__DATA SEGMENT__
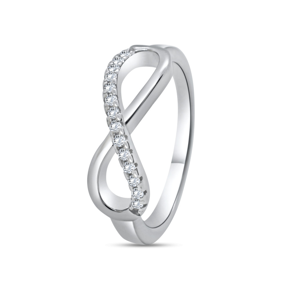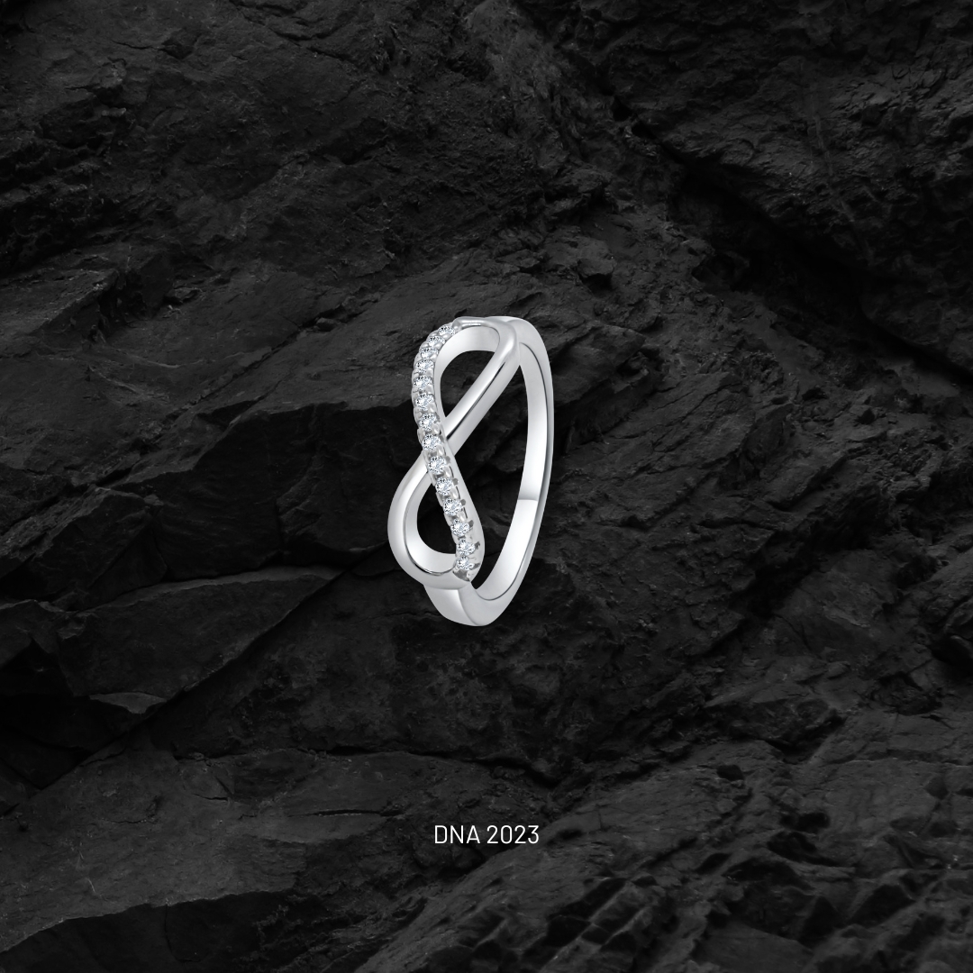 Embrace the everlasting beauty of the Infinity Ring, a symbol of your unbreakable connection. Expertly crafted from high-quality sterling silver, the delicate band features the iconic infinity symbol at its centre, embellished with shimmering cubic zirconia gemstones. Its subtle yet eye-catching design makes it a perfect accessory for both daily wear and special occasions. As you slip on this timeless piece, let it serve as a constant reminder of the infinite love and cherished memories you hold close to your heart.
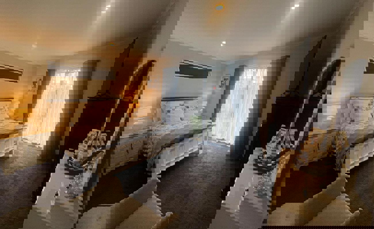 * Master suite with walk-in robe, ensuite, and ranch-slider access to lawn
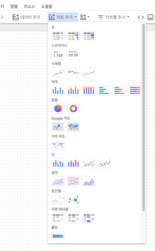 Google Studio에서 빈 대시보드를 만들고 [데이터 추가] 버튼을 누르면, 내 계정의 GA에서 수집하는 데이터를 아래처럼 쉽게 불러올 수 있다. 그리고, 이 데이터를 활용해 다양한 대시보드 차트를 생성할 수 있다.

__PROBLEM DETAILS__
Without including any images, output the data exactly as given.

__SOLUTION TO THIS EXERCISE__
 Embrace the everlasting beauty of the Infinity Ring, a symbol of your unbreakable connection. Expertly crafted from high-quality sterling silver, the delicate band features the iconic infinity symbol at its centre, embellished with shimmering cubic zirconia gemstones. Its subtle yet eye-catching design makes it a perfect accessory for both daily wear and special occasions. As you slip on this timeless piece, let it serve as a constant reminder of the infinite love and cherished memories you hold close to your heart.
 * Master suite with walk-in robe, ensuite, and ranch-slider access to lawn
 Google Studio에서 빈 대시보드를 만들고 [데이터 추가] 버튼을 누르면, 내 계정의 GA에서 수집하는 데이터를 아래처럼 쉽게 불러올 수 있다. 그리고, 이 데이터를 활용해 다양한 대시보드 차트를 생성할 수 있다.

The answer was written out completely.